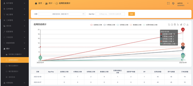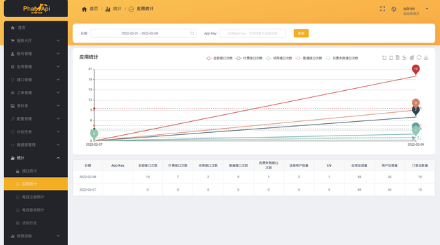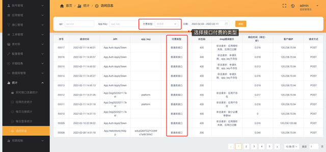 管理后台,接口统计、应用统计、访问日志升级优化,同时支持查看付费接口、试用接口、普通接口、扣费失败接口请求统计。
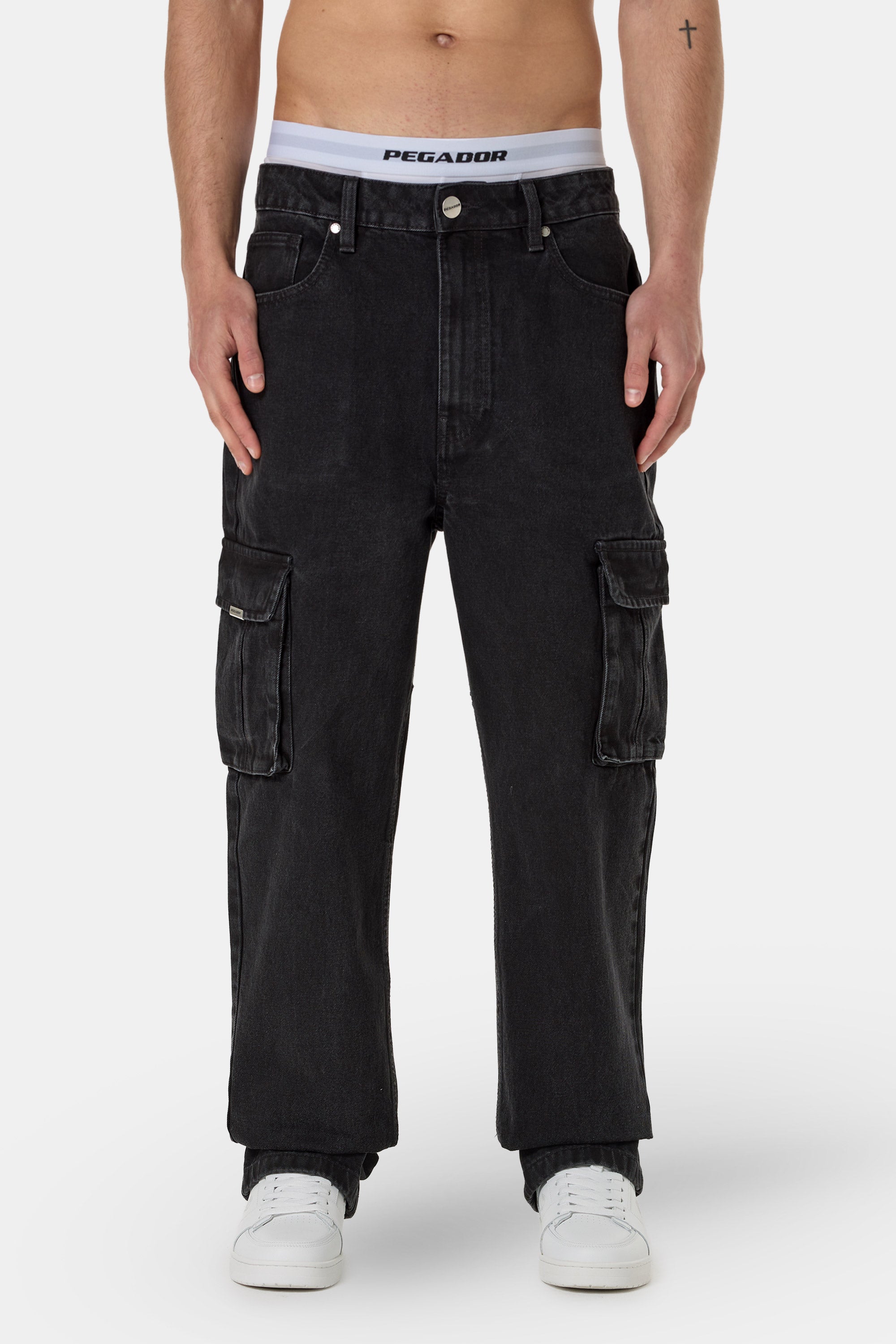 Dawes Cargo Baggy Jeans Washed Black
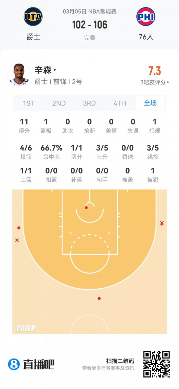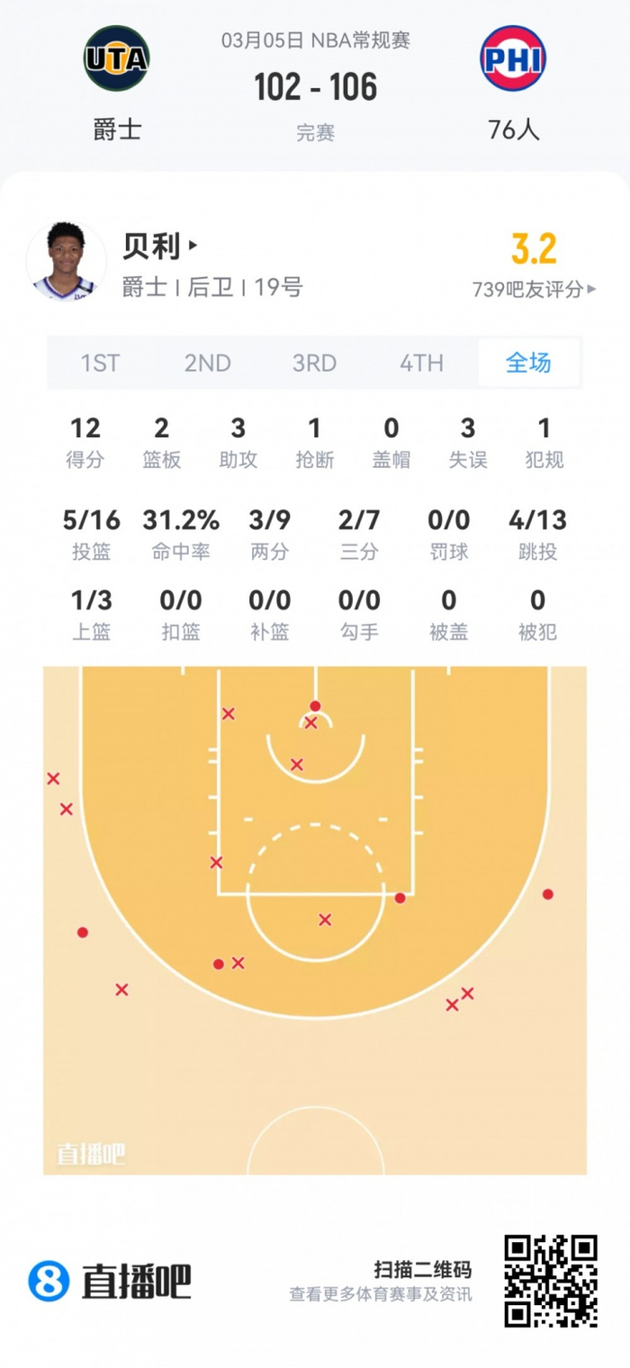 爵士首轮5号秀埃斯·贝利 登场30.5分钟
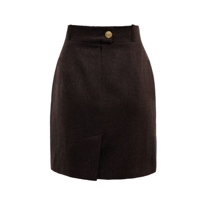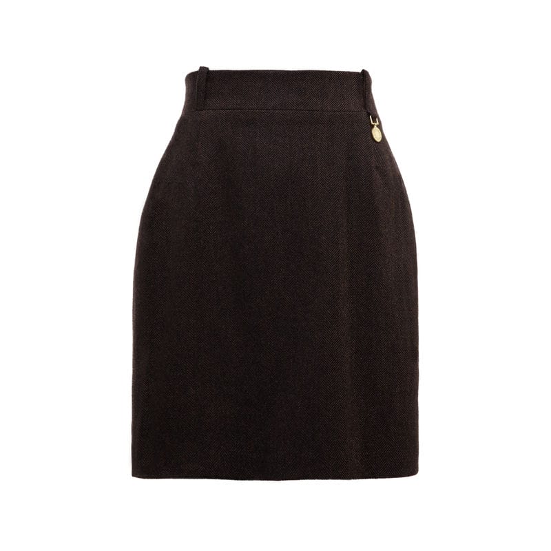 Holland Cooper Regency Ladies Tweed Skirt - Chocolate Herringbone
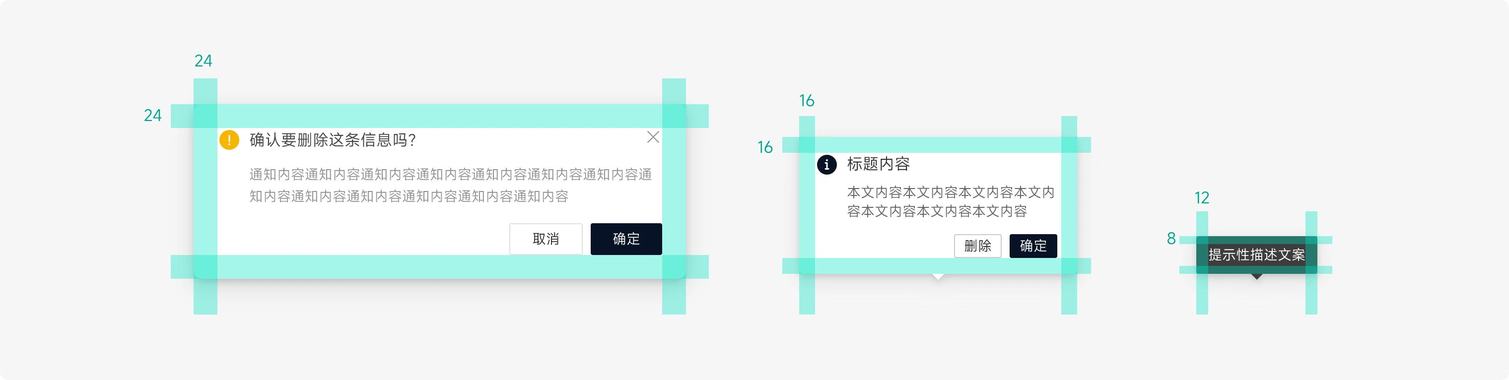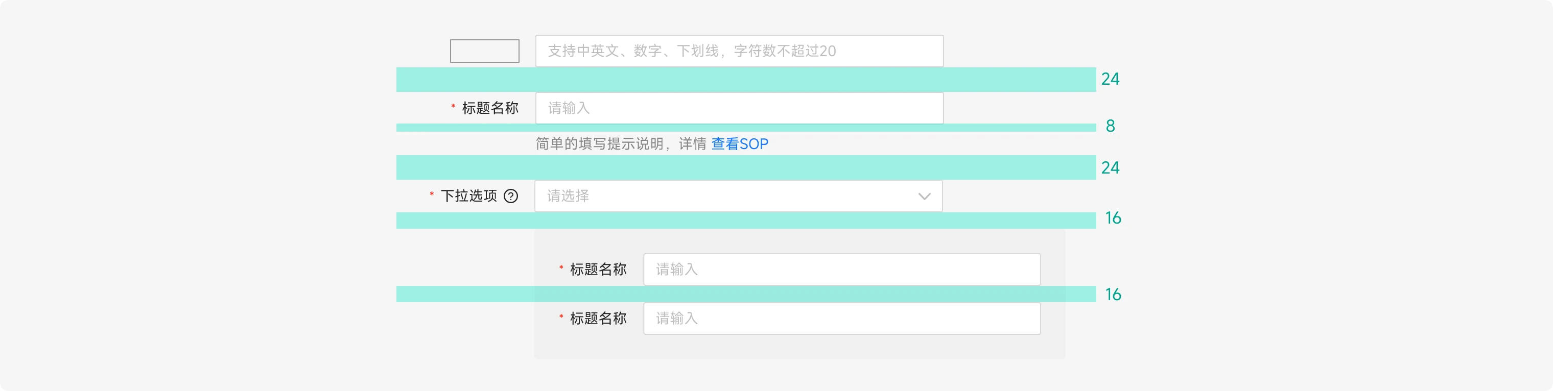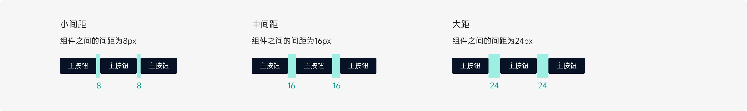 设置相邻组件的垂直距离,预设大 24px、中 16px、小 8px 三种间距,可支持自定义,建议按 8 的倍数设置。
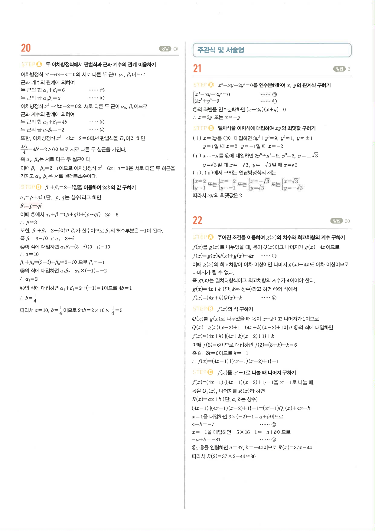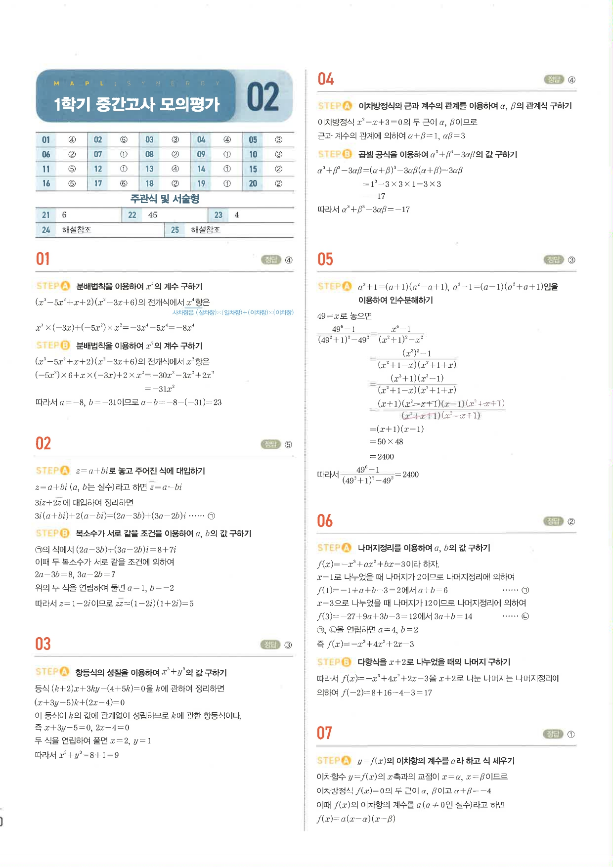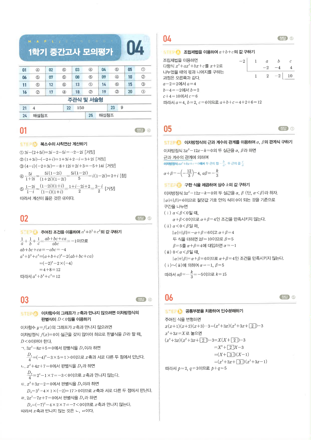 마플시너지 공통수학1 주요문항 풀이
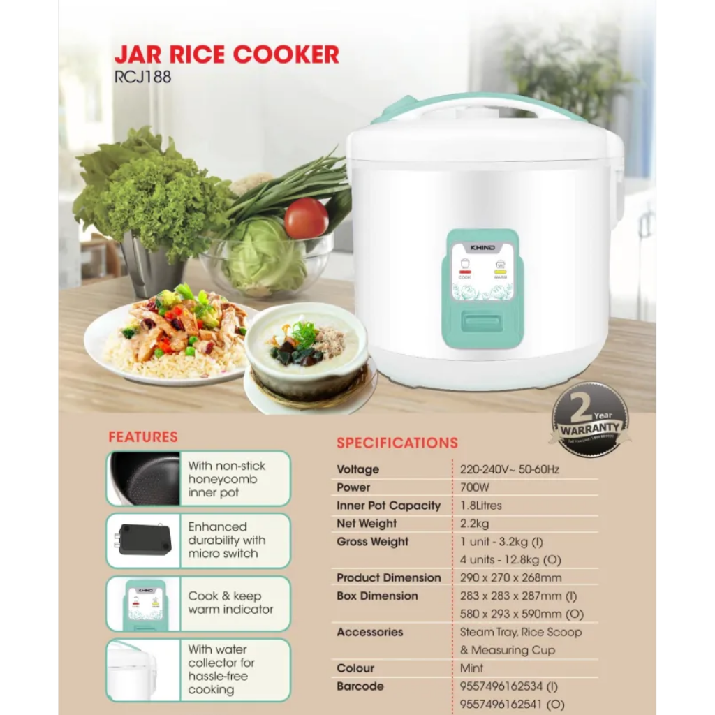 Khind 1.8L Rice Cooker 700W RCJ188

# # # # #

▸ **PROBLEM**
Could you reproduce exactly, and only, the lines from the one containing "Holland Cooper Regency" through the end of the records above, both included, while leaving out the pictures?

▸ **OUTPUT FOR THIS TASK**
 Holland Cooper Regency Ladies Tweed Skirt - Chocolate Herringbone
 设置相邻组件的垂直距离,预设大 24px、中 16px、小 8px 三种间距,可支持自定义,建议按 8 的倍数设置。
 마플시너지 공통수학1 주요문항 풀이
 Khind 1.8L Rice Cooker 700W RCJ188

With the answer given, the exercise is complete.